Different colonies had already experienced:
- State-supported churches
- Religious favoritism
- Discrimination against dissenters
So the founders had seen firsthand what happens when: government hooked up with a specific denomination created conflict.
It Wasn’t “Judeo vs Christian”. The founders were not choosing between Judaism and Christianity. Instead, they were operating in a world influenced by: Biblical tradition (Old + New Testament), Natural law philosophy, Enlightenment thought.
When we say “Judeo-Christian values” today, we’re using a modern label. They wouldn’t have framed it that way.
In spite of their largely Christian representation, they did not assume only Christianity would exist. Some founders—especially James Madison and Thomas Jefferson explicitly supported religious pluralism and protection for minority faiths.
Even at the time, America included Jews, Deists, Catholics(often distrusted) and Non-religious thinkers. So the idea wasn’t “Everyone will be Christian forever”. It was closer to “Government should not control religion and Religion should not control government.”
What “No State Religion” Really Meant.
The First Amendment does two things:
1. No establishment → The government cannot create or favor a national church
2. Free exercise → Individuals can practice their faith freely
This was a structural decision, not just a theological one.
The founders believed: Faith is stronger when it is chosen—not enforced.
Even though they rejected a state religion, the founders still believed religion (especially Christianity) would continue to shape character, behavior and public virtue. In other words, they separated church and state… but not morality and society.
That’s a powerful distinction.
The founders built a system that depends on a moral culture… while refusing to enforce that culture through government.
That creates a built-in tension:
- If the culture remains strong → freedom works
- If the culture weakens → the system strains
The problem is, the culture doesn’t always remain strong; didn’t remain strong.
A Sharper Way to Say It
Instead of saying: “They assumed everyone would be Christian”
I might say: “They rejected a government-enforced religion not because faith didn’t matter—but because they believed faith was too important to be controlled by government. They assumed the moral framework shaped by Christianity would continue to live in the people, not in the state.”
That’s historically stronger—and rhetorically more effective.
Assuming the founders’ expectations about culture can simply be restored by argument alone. They lived in a time where religion was embedded in daily life, communities reinforced shared norms and Institutions aligned with moral teaching.
Today’s environment is very different, so the challenge isn’t just “Return to what they believed”, it’s “How do you sustain a moral culture without state enforcement in a pluralistic society?”

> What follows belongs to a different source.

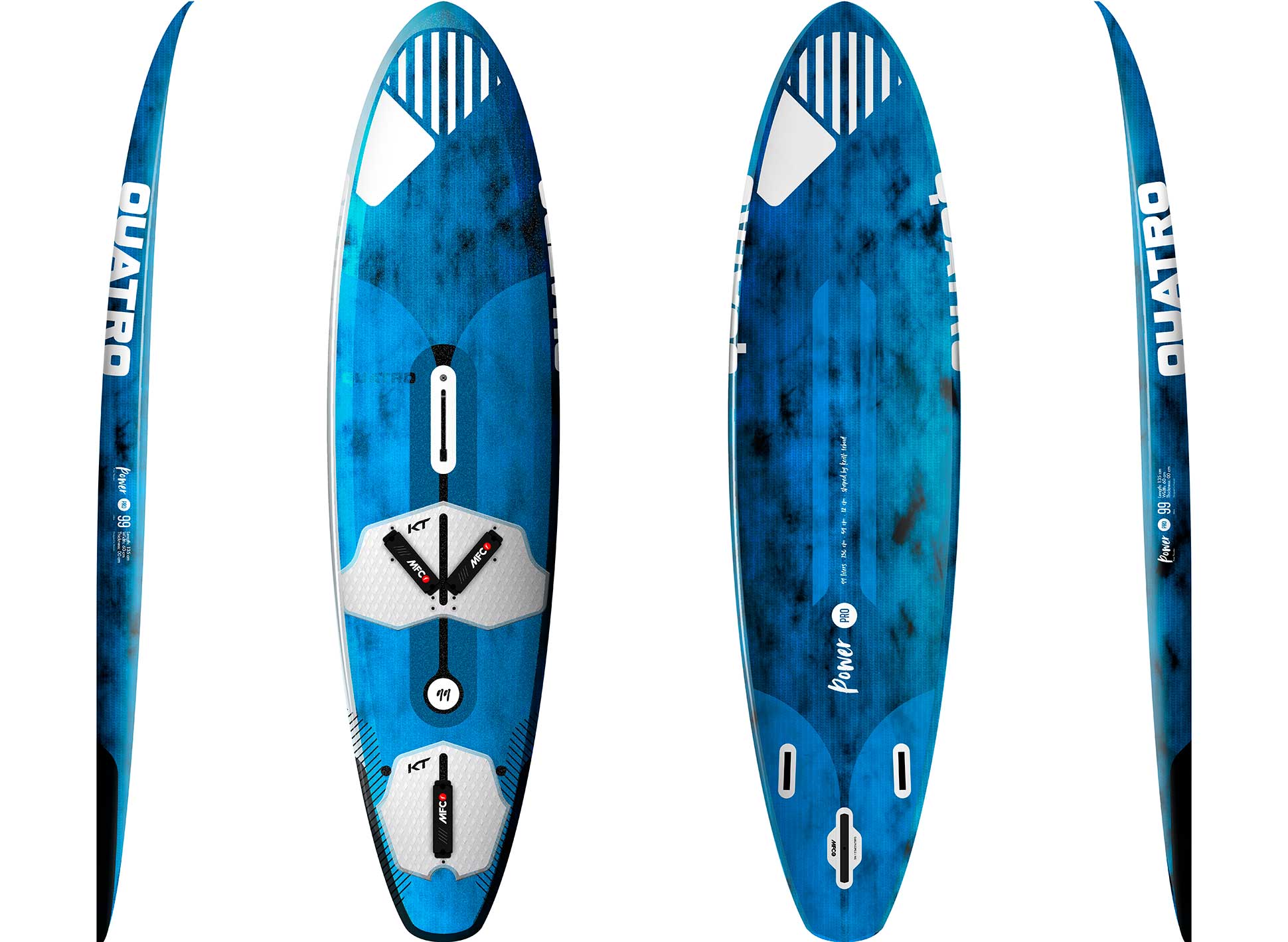 The bottom is a full vee with double concaves for a sweet blend of maximum speed and the most comfort. A fuller, more parallel outline has been incorporated for increased stability and drive though your turns and jibes. The Power Pro is fast paced and comfortable, the most stable ride of all Quatro Windsurfing boards. But don’t be mistaken, this board can throw spray and lay maneuvers into the water that would have been reserved to pure wave boards or freestyle boards until not long ago. Fully modern and fully inspired by its more radical siblings.

That’s the modern problem.
The founders were dealing primarily with conflicts among Christian denominations. They rejected a state religion to avoid coercion and conflict. They still assumed a shared moral culture shaped by religion. They did not intend government to enforce belief. The system depends on internal virtue, not external force.
PART 2.0
A LARGELY CHRISTIAN COUNTRY DEALS WITH CONFLICTING CULTURE – ISLAM
Now comes the introduction of large numbers of Muslim immigrants. Not one at a time. Not in a way that naturally blends into an existing culture. But in numbers large enough to stand apart. And that matters. Because this is not happening in the America the founders knew. It is happening in an America that is already struggling to remember who it is.

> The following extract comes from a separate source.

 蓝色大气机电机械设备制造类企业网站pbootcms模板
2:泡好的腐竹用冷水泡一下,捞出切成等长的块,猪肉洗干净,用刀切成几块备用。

For generations, this country was shaped—quietly, imperfectly, but unmistakably—by a Christian moral framework. It lived in our homes, our schools, our communities. It wasn’t enforced by government, but it was reinforced by culture.

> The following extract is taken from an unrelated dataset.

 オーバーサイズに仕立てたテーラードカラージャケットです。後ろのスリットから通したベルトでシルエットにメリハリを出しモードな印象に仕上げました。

That framework is fading. And as it fades, something else is happening at the same time. We are importing people from cultures that do not share the same assumptions about freedom, law, and the role of religion in public life—while, at the same time, loosening any expectation that they should adopt ours. That is not diversity. That is drift. And drift, left unchecked, becomes division.
Now layer on a harder truth. This did not happen by accident.
Policy decisions—made by leaders entrusted with protecting the integrity of the nation—have allowed hundreds of thousands of people to enter this country with minimal vetting. Not just criminal vetting. Cultural vetting. Civic vetting. The kind of vetting that asks a simple question: Are you coming here to become part of this system… or to live apart from it?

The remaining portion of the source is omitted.